SUPPLIED RECORDS =
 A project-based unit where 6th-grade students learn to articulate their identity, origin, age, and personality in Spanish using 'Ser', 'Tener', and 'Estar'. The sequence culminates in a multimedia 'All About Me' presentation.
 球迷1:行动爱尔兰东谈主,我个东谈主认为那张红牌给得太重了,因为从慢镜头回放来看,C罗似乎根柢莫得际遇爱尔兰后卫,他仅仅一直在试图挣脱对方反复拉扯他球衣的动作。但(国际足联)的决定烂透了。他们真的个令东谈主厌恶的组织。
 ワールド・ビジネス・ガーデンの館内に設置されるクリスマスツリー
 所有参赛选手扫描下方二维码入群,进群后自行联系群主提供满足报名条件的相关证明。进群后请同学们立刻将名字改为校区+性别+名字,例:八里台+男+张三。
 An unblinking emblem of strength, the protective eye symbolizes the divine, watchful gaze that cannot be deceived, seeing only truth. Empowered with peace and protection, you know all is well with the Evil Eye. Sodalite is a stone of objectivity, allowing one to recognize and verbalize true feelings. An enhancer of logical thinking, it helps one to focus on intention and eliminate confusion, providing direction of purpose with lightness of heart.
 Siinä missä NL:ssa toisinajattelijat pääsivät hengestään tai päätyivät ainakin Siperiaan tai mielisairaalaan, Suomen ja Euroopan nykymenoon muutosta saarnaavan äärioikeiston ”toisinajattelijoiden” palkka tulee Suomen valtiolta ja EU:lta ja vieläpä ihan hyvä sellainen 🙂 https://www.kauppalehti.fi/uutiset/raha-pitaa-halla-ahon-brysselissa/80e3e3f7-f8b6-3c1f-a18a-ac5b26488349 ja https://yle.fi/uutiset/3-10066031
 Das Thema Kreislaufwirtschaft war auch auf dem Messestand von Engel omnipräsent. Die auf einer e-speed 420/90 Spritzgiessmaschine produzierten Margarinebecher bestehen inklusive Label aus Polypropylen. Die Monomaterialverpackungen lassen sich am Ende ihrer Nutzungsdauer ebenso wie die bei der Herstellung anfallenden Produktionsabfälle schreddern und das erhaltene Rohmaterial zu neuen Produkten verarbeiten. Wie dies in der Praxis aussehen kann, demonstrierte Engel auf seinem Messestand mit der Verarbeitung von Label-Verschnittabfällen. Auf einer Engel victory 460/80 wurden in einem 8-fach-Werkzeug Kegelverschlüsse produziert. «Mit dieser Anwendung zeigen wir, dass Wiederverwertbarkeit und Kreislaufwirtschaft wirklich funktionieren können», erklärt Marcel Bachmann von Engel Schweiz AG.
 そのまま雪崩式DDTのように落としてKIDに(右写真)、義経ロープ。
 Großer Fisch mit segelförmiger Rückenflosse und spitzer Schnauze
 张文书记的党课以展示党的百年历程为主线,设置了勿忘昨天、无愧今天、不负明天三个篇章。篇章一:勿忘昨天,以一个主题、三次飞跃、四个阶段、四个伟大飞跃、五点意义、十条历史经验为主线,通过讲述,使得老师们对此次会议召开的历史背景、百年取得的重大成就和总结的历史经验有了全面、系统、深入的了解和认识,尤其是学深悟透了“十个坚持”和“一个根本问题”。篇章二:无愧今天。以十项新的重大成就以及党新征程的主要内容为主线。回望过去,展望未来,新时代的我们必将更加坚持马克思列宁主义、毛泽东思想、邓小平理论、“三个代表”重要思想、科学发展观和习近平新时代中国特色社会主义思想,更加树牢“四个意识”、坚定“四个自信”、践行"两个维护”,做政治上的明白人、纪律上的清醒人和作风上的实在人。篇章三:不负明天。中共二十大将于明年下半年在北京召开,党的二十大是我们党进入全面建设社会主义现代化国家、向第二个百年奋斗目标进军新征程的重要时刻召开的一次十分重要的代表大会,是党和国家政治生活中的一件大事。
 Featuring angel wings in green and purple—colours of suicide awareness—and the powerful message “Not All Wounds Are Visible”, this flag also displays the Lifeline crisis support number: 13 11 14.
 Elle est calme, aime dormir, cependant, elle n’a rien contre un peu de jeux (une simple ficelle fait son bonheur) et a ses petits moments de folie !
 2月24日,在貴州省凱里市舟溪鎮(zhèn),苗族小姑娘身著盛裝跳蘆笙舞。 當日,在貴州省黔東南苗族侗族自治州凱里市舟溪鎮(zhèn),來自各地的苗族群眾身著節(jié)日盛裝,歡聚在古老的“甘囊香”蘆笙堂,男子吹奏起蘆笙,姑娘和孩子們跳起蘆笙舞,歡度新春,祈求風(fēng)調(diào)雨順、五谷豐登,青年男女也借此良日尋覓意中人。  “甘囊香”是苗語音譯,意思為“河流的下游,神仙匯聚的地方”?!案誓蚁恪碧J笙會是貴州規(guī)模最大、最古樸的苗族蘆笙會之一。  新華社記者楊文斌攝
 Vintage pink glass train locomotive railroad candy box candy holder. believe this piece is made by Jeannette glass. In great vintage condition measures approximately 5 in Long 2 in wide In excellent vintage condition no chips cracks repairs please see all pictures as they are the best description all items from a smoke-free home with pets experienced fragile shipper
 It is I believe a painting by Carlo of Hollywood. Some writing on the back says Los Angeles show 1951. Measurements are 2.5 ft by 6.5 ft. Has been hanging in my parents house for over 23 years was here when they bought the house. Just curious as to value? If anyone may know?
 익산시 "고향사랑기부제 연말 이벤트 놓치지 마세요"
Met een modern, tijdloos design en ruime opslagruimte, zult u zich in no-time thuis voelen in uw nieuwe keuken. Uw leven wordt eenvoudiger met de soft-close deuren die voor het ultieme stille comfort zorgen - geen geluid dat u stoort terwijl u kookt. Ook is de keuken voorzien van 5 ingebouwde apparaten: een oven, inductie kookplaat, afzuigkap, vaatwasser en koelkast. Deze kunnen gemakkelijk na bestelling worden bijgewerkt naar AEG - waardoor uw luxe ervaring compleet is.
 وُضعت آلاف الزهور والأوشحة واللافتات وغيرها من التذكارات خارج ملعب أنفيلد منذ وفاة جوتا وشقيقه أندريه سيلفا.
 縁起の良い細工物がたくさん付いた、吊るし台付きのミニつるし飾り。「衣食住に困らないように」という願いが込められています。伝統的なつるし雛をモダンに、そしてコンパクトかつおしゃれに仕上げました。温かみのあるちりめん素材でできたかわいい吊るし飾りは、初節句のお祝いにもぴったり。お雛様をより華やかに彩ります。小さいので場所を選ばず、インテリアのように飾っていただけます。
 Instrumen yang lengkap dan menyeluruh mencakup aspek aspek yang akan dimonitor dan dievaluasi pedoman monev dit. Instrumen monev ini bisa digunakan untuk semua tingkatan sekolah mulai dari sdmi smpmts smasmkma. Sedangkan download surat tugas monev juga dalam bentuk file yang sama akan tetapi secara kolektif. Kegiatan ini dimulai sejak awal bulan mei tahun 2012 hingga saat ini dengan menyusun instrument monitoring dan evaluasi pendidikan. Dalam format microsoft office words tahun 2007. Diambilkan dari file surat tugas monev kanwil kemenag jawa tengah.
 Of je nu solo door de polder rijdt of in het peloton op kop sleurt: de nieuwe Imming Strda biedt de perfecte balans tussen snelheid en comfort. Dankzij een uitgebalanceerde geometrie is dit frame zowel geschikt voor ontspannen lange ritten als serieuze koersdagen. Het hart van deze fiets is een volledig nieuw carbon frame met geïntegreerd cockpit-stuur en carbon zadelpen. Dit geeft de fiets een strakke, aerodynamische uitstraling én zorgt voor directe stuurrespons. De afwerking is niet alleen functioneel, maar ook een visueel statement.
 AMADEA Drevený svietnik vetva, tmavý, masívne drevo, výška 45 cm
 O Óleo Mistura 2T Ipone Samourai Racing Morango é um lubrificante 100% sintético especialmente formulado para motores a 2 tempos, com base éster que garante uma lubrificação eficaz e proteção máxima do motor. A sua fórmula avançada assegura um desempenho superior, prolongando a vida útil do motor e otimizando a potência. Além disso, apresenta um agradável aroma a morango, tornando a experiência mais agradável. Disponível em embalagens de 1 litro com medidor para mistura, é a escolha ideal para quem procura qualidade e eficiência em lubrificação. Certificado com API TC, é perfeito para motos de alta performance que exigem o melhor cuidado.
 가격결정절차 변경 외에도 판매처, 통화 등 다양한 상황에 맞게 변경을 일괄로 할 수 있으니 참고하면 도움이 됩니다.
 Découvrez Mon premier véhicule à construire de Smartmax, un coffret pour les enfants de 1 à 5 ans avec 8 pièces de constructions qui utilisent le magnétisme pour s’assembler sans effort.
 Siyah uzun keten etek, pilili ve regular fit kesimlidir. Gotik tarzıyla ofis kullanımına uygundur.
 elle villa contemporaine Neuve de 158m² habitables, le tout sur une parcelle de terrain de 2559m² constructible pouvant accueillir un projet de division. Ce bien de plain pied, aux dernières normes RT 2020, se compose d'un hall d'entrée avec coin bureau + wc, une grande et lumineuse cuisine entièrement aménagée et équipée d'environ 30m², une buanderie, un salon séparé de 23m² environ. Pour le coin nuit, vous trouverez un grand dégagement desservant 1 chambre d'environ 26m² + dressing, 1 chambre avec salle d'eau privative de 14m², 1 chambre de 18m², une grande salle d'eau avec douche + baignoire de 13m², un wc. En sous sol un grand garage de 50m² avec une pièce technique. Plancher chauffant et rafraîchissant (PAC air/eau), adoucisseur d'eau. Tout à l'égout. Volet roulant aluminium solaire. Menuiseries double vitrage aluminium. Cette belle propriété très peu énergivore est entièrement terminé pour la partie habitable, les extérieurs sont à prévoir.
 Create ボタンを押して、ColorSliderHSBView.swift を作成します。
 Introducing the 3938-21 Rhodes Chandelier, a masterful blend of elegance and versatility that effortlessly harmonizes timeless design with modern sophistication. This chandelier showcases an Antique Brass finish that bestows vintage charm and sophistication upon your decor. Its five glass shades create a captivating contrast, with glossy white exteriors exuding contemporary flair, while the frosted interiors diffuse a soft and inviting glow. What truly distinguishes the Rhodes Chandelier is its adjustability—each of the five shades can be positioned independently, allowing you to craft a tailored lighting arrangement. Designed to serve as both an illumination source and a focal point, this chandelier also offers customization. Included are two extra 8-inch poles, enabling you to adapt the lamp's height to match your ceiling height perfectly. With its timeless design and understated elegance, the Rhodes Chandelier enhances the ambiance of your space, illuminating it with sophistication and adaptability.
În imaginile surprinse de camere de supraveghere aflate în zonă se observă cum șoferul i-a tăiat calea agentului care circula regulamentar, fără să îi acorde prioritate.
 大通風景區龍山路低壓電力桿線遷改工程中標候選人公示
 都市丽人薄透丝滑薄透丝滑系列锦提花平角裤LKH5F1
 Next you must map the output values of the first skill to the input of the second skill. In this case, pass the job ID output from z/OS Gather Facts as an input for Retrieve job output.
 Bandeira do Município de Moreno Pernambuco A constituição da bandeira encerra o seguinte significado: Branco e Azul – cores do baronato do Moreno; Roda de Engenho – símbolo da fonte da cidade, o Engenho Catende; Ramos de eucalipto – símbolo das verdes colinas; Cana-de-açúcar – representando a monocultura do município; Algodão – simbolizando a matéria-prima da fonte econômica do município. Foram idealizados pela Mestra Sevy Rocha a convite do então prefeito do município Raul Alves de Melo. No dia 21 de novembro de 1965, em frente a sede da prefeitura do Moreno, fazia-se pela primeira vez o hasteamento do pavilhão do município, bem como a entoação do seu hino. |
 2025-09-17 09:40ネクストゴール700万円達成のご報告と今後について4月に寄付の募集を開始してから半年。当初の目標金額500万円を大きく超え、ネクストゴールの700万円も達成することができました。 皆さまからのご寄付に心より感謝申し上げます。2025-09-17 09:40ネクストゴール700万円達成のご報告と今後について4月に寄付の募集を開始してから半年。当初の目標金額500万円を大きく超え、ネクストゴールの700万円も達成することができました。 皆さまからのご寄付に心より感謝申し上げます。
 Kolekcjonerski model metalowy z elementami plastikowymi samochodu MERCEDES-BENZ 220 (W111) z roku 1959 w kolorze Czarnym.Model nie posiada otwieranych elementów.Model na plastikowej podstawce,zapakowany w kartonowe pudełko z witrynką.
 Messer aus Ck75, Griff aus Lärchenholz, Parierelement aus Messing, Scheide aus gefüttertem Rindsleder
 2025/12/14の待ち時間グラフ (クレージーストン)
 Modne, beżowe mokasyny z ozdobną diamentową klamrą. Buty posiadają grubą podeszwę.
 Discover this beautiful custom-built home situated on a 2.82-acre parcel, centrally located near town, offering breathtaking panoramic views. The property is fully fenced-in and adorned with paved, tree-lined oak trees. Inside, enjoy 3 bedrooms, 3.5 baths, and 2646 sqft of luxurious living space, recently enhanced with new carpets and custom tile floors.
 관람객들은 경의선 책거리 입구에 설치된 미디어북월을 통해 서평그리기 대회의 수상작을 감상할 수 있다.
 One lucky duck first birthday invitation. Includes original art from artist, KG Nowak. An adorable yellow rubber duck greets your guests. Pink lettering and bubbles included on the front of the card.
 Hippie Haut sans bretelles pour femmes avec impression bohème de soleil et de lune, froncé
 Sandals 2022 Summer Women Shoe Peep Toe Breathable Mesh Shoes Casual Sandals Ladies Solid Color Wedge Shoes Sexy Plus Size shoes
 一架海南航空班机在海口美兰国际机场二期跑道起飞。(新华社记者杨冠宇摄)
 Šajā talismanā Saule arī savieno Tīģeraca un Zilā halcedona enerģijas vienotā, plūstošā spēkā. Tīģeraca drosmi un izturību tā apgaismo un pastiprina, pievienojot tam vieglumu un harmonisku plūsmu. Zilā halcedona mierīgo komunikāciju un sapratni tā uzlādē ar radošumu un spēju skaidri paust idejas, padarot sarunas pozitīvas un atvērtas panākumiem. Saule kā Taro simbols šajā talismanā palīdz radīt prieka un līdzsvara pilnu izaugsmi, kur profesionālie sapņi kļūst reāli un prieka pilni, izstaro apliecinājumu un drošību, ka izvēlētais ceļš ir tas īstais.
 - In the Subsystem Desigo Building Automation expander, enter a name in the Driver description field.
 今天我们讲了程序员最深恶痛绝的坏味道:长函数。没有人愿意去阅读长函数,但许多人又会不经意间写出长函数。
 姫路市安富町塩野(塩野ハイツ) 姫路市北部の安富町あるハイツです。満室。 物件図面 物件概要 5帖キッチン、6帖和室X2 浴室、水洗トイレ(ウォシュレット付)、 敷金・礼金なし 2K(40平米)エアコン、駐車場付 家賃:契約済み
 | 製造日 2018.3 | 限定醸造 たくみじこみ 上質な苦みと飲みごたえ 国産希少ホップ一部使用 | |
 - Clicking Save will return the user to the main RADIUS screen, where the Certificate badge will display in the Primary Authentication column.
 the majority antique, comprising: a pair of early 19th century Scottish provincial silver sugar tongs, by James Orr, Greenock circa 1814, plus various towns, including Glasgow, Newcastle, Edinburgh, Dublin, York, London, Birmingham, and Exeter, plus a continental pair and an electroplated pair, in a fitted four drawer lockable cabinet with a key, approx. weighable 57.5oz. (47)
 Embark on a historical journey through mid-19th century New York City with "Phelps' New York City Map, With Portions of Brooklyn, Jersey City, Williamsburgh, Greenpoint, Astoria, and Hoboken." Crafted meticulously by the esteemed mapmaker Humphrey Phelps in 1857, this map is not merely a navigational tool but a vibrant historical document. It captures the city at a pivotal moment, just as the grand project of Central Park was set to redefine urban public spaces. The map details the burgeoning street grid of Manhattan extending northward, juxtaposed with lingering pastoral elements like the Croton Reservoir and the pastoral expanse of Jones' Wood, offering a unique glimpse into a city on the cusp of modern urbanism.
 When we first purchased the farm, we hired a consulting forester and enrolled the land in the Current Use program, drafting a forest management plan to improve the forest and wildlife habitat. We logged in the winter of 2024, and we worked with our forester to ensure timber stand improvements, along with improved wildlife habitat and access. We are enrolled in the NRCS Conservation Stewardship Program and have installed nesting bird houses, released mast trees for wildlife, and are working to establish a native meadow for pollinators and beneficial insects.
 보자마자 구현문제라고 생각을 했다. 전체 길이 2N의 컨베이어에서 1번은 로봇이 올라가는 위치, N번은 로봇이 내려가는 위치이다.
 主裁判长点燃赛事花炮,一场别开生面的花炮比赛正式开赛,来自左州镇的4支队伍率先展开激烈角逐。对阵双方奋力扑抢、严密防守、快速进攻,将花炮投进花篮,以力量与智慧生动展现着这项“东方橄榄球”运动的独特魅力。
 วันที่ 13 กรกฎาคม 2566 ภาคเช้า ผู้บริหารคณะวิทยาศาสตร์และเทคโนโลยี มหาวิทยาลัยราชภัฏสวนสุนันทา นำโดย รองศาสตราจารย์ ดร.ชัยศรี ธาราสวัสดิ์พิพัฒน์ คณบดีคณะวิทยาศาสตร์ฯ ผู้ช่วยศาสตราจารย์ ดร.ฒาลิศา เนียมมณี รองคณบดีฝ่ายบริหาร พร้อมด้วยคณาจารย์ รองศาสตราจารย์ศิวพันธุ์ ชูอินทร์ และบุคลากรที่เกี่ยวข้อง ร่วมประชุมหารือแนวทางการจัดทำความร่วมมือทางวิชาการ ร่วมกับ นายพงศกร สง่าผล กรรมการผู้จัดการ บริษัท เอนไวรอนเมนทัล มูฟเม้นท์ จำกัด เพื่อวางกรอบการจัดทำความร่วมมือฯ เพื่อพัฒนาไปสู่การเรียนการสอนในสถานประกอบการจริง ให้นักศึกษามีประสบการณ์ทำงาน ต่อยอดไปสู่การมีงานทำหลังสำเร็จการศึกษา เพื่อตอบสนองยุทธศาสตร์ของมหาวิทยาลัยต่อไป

BRIEF = Begin with the first line of the data above and, please, print each line exactly until you have printed the line containing "An unblinking emblem"; print nothing else.

THE COMPLETED TASK =
 A project-based unit where 6th-grade students learn to articulate their identity, origin, age, and personality in Spanish using 'Ser', 'Tener', and 'Estar'. The sequence culminates in a multimedia 'All About Me' presentation.
 球迷1:行动爱尔兰东谈主,我个东谈主认为那张红牌给得太重了,因为从慢镜头回放来看,C罗似乎根柢莫得际遇爱尔兰后卫,他仅仅一直在试图挣脱对方反复拉扯他球衣的动作。但(国际足联)的决定烂透了。他们真的个令东谈主厌恶的组织。
 ワールド・ビジネス・ガーデンの館内に設置されるクリスマスツリー
 所有参赛选手扫描下方二维码入群,进群后自行联系群主提供满足报名条件的相关证明。进群后请同学们立刻将名字改为校区+性别+名字,例:八里台+男+张三。
 An unblinking emblem of strength, the protective eye symbolizes the divine, watchful gaze that cannot be deceived, seeing only truth. Empowered with peace and protection, you know all is well with the Evil Eye. Sodalite is a stone of objectivity, allowing one to recognize and verbalize true feelings. An enhancer of logical thinking, it helps one to focus on intention and eliminate confusion, providing direction of purpose with lightness of heart.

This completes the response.